High-Content Hydroxyapatite Carbon Composites for the Electrochemical Detection of Heavy Metal Cations in Water

The great performance of nanostructured hydroxyapatite (Hap) in adsorbing heavy metal cations with the good electrical conductivity of high-surface carbon materials was here combined for the crafting of high-content hydroxyapatite electrodes (Hap 84-96 wt.%) endowed with the synergistic capability of detection and adsorption of heavy metal cations by water solutions. To improve the sustainability of the sensor, a mesoporous carbon (derivable by bio-waste) was selected as scaffold for depositing Hap by simply co-precipitation. The composite with 92 wt.% of Hap, which exhibited ca. 1 : 1 ratio between the exposed area of Hap and carbon (by Brunauer-Emmett-Teller method), invariably showed an average stripping oxidation peak intensity of ca. 250 mu A cm(-2) and 150 mu A cm(-2) for a 50 mu M Pb2+ and Cu2+ solution, respectively. Control experiments showed that the above sensor outperformed the sensibility of two low-content Hap electrodes (4 and 8 wt.%), representative of the best performing Hap-carbon composites available in literature.

Automated summary

The study combines the excellent adsorption capacity of nanostructured hydroxyapatite (Hap) in heavy metal cations with the good electrical conductivity of high-surface carbon materials to fabricate high-content hydroxyapatite electrodes (Hap 84-96 wt.%).
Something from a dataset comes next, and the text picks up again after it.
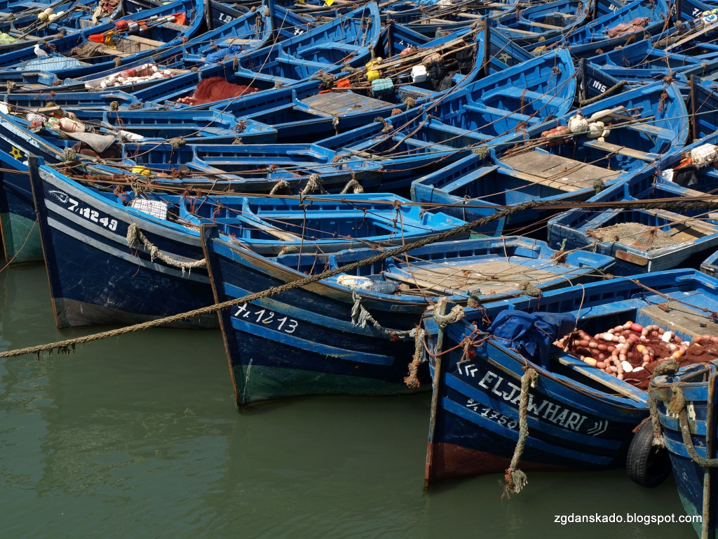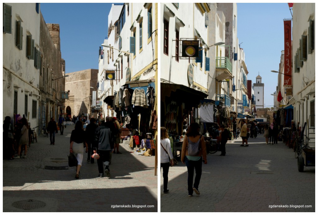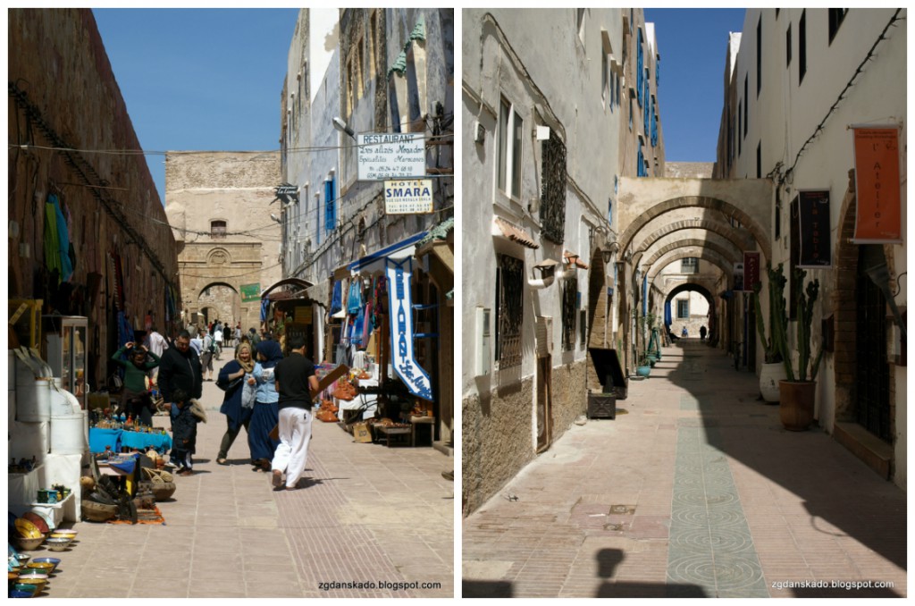 As-Sawira (Essaouira) to także medyna i suki. Jedno i drugie jest malutkie, ale urokliwe. Przyjemnie nam się po nich spacerowało. Brak pomazanych murów, brak reklam i śmieci (jednak można). Nikt nas nie zaczepiał i nie naciągał. Jedynym minusem miasta są, jak już wcześniej wspomniałam, ceny w sklepach i restauracjach. Sporo sklepów jest nastawionych na bogatego klienta, chociaż można na sukach znaleźć cosik dla mniej zamożnej klienteli. Ja np. zaopatrzyłam się w oliwki. Pycha. A jak już przy jedzeniu jestem to dodam, że oliwki oliwkami, ale kto był w As-Sawirze i nie posmakował rybki ten trąba. Mieliśmy na nią wielką ochotę. Grillowana rybeczka stała się naszym celem jeszcze zanim znaleźliśmy się w mieście. Z tym, że trochę z tropu zbiły nas ceny. Spodziewaliśmy się, że będzie tanio, a niestety nie było. Ruszyliśmy więc na poszukiwania miejsca gdzie ceny będą dla nas przystępne. Zdecydowaliśmy się na bary tuż przy porcie rybackim, jako że samemu się w nich wybierało konkretną sztukę świeżej ryby. Wybraliśmy pierwszy bar z brzegu. Ryba plus chleb i napój kosztowała nas 60 dh/os. Podano nam też jedną sałatkę na dwie osoby. Próbowałam się przy rachunku wykłócić o rabat z tego względu, ale kelner dosłownie wyrwał mi pieniądze z ręki i tyle było. Miły był tylko wtedy, gdy wybieraliśmy bar i składaliśmy zamówienie. Jedzenie było przyzwoite, ale chyba naszego dorsza czy pstrąga nie przebiło...

The electrodes demonstrate the synergistic capability of detection and adsorption of heavy metal cations in water solutions. A mesoporous carbon derived from bio-waste is used as a scaffold for depositing Hap by co-precipitation. The composite with 92 wt.% Hap shows superior sensitivity compared to low-content Hap electrodes reported in literature.